Inhibition of cyclin D/Cdk4 and cyclin A2/Cdk2 activity by p27Xic1. Purified cyclin D/Cdk4 or cyclin A2/Cdk2 complexes were preincubated with the indicated amounts of GST-p27Xic1 or GST alone (control), and the kinase reaction was performed with either the C-terminal half of human retinoblastoma protein (hRb) as substrate for Cdk4 or histone H1 for Cdk2, as described in Materials and Methods.

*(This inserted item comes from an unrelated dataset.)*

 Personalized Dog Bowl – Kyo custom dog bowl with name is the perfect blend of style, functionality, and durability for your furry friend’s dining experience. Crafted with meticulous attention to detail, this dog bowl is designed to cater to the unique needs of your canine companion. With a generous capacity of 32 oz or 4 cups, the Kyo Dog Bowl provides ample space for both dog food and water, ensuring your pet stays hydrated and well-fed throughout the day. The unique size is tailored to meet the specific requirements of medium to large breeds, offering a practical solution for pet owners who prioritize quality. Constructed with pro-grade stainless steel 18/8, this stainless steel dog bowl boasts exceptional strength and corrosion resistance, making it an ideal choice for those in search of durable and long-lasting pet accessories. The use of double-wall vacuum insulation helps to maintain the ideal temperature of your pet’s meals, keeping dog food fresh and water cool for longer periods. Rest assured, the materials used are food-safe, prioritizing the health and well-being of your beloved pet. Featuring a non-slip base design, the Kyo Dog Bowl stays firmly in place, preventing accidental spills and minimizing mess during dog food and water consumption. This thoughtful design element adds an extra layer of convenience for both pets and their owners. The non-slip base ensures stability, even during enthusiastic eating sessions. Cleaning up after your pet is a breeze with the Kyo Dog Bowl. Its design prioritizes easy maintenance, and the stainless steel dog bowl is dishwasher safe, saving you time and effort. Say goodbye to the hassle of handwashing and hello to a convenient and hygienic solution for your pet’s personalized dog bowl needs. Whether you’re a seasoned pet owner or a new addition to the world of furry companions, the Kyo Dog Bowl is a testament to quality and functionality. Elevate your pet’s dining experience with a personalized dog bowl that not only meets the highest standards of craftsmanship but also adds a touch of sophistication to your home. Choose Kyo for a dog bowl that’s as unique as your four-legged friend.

Model of apoptosis regulation in Xenopus embryos. Ionizing radiation promotes apoptosis in embryos irradiated before the MBT by triggering different proapoptotic factors, including the homodimerization of xBax, and caspase cascade activation. Apoptosis is prevented in embryos irradiated after the MBT by the coordinated action of antiapoptotic stimuli. Survival signaling pathways act at at least three levels: by promotion of cell cycle delay by increasing the amount of p27Xic1 and its association with the complexes involved in the G1/S transition, by inactivation of proapoptotic molecules by heterodimerization, and by activation of antiapoptotic pathways like Akt.